◆ Problem description: Set down, exactly and with no pictures, the line that contains "Sold outCharlotte Crimson Bow Pant Set" and all lines after it in the listing.

◆ Dataset section:
========

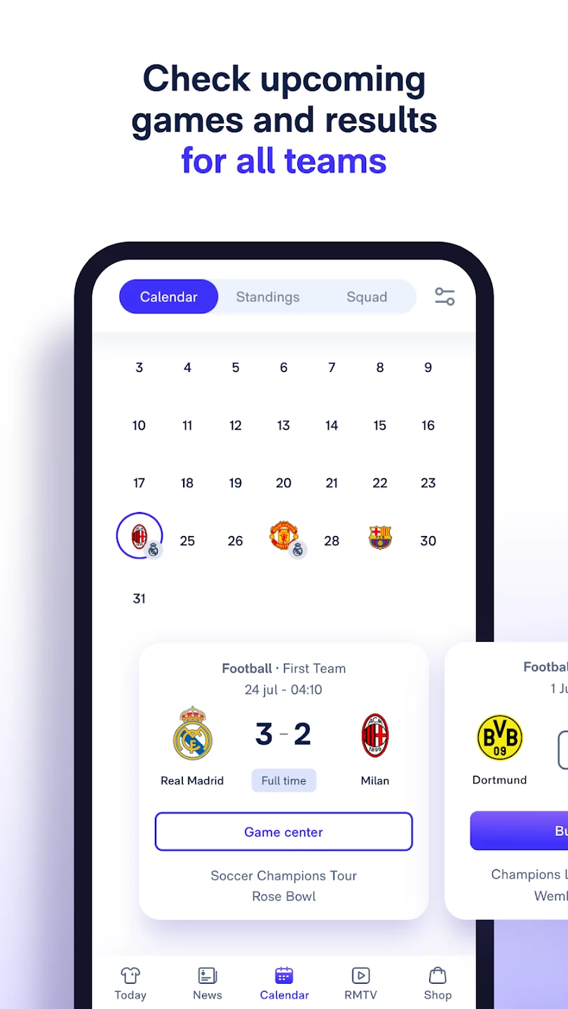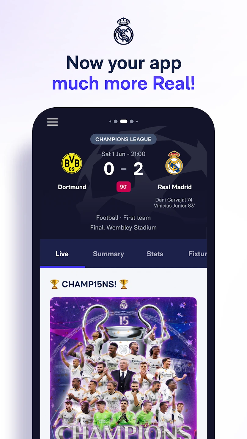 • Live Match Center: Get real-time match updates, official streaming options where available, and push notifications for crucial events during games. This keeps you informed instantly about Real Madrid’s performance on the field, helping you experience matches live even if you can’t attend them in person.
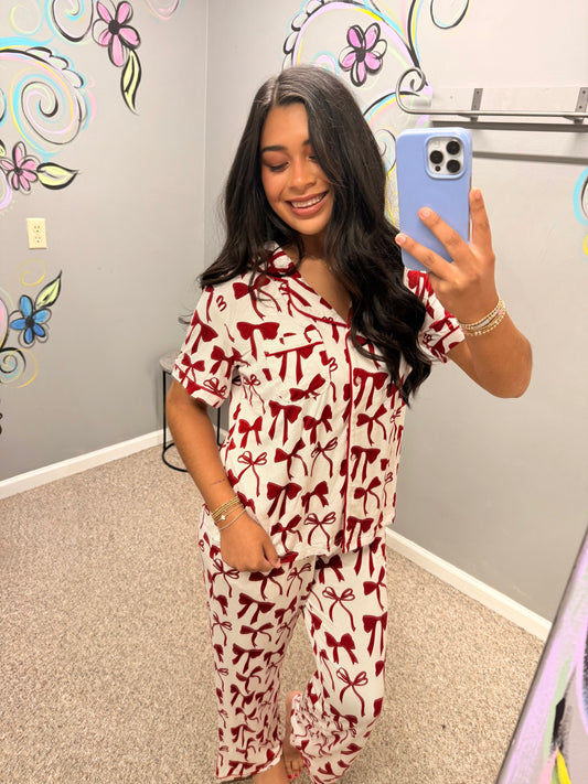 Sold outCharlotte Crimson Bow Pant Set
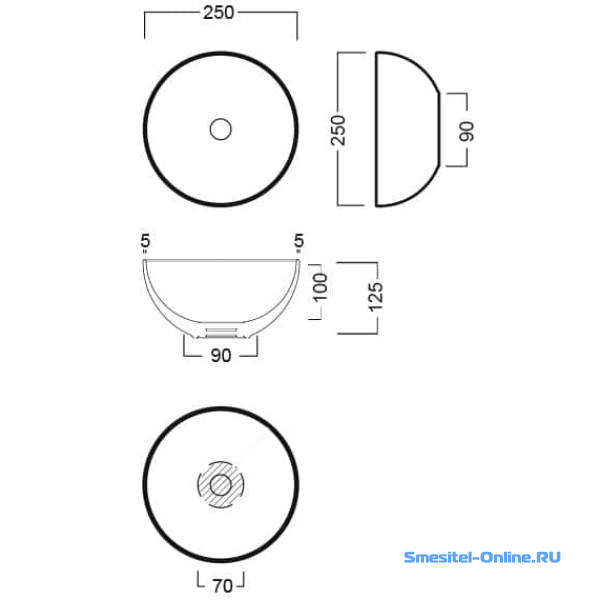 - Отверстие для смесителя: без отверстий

========

◆ Your solution:
 Sold outCharlotte Crimson Bow Pant Set
 - Отверстие для смесителя: без отверстий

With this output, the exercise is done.